Using the data below, output a verbatim copy of the lines between the one holding "Company identification card" and the one holding "Embroidex 9 Pc", inclusive, without any pictures.

## [RECORDS SHOWN]
____________________
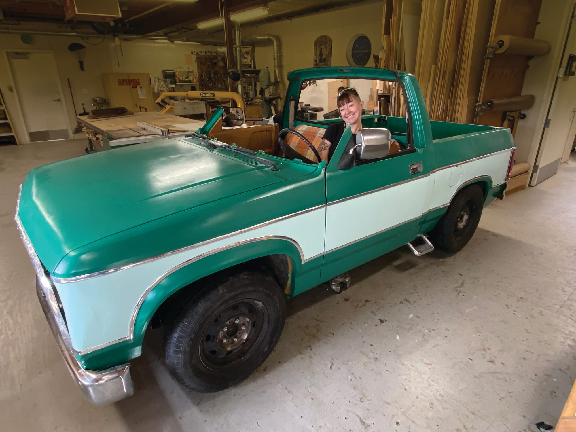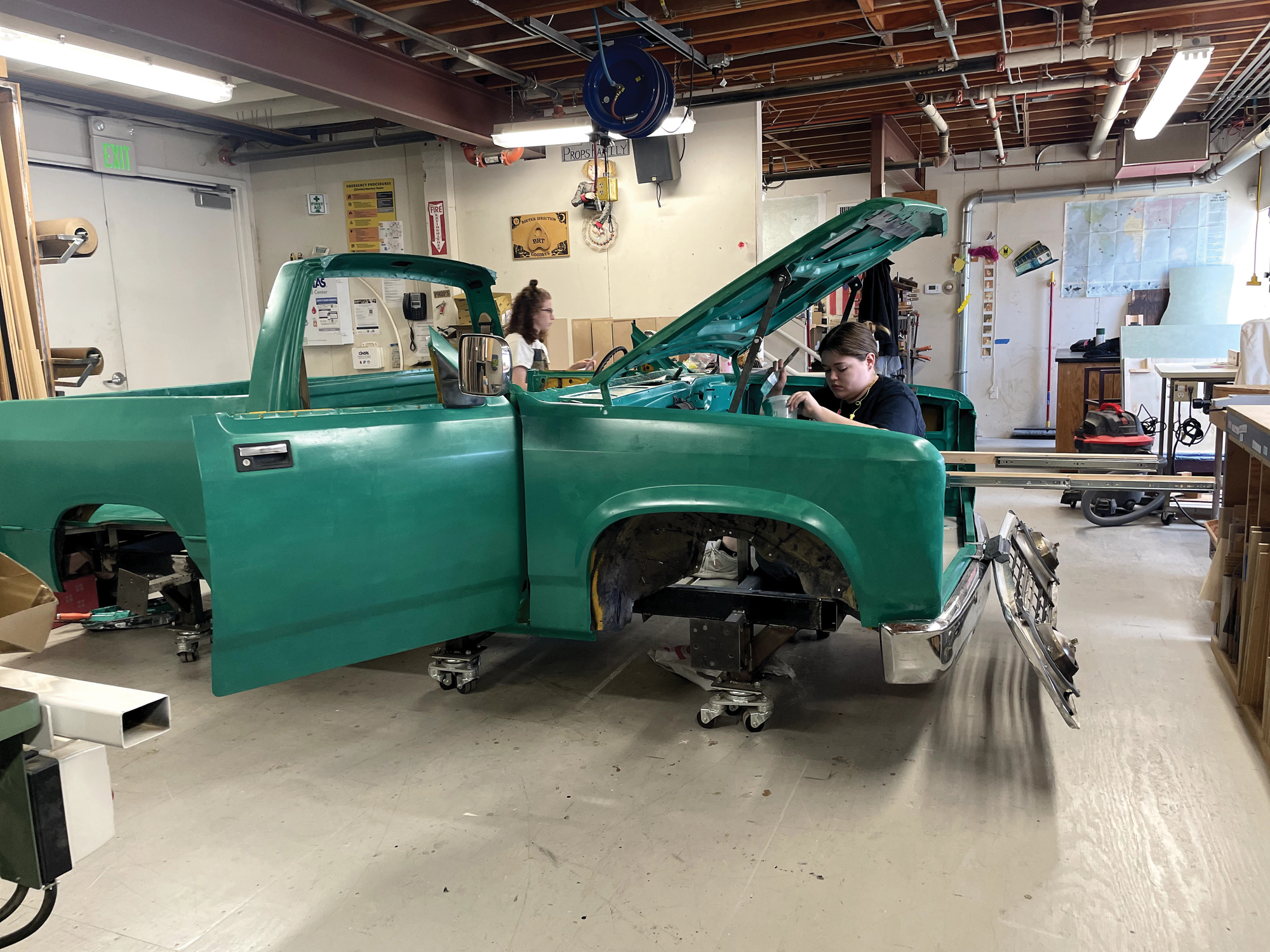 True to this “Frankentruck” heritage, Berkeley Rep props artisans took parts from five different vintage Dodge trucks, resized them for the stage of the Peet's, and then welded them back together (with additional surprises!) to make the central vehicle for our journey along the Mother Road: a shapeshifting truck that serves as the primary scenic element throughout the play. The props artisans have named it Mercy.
____________________
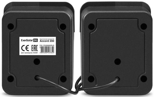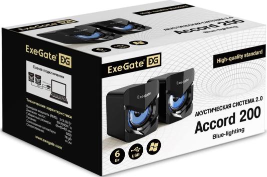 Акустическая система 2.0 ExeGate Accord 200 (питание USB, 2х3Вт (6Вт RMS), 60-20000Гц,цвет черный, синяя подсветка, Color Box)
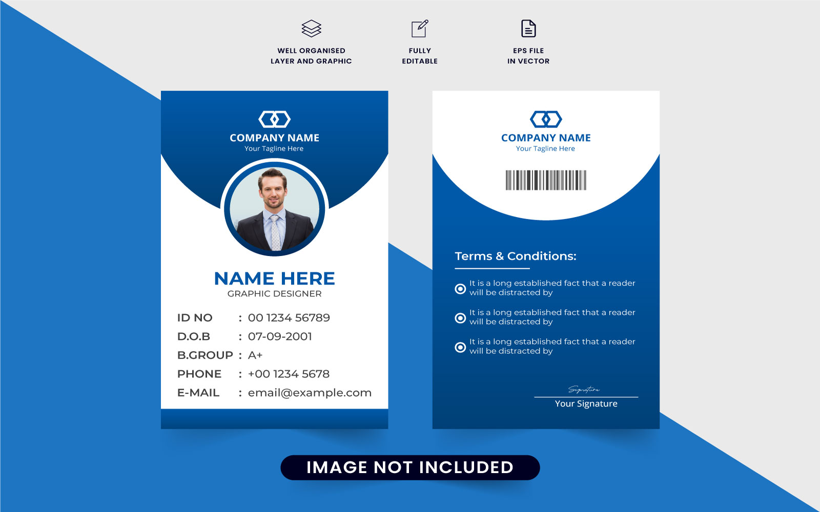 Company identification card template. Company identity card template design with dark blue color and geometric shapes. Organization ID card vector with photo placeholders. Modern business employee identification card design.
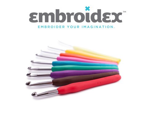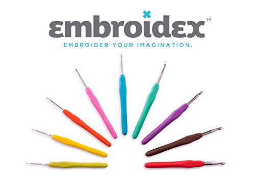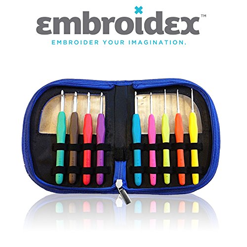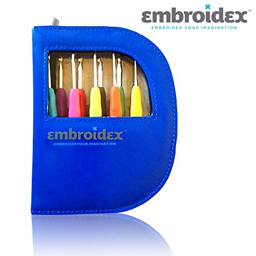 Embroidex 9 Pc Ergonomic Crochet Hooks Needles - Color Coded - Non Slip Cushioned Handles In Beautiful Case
____________________
## [COMPLETED EXERCISE]
 Company identification card template. Company identity card template design with dark blue color and geometric shapes. Organization ID card vector with photo placeholders. Modern business employee identification card design.
 Embroidex 9 Pc Ergonomic Crochet Hooks Needles - Color Coded - Non Slip Cushioned Handles In Beautiful Case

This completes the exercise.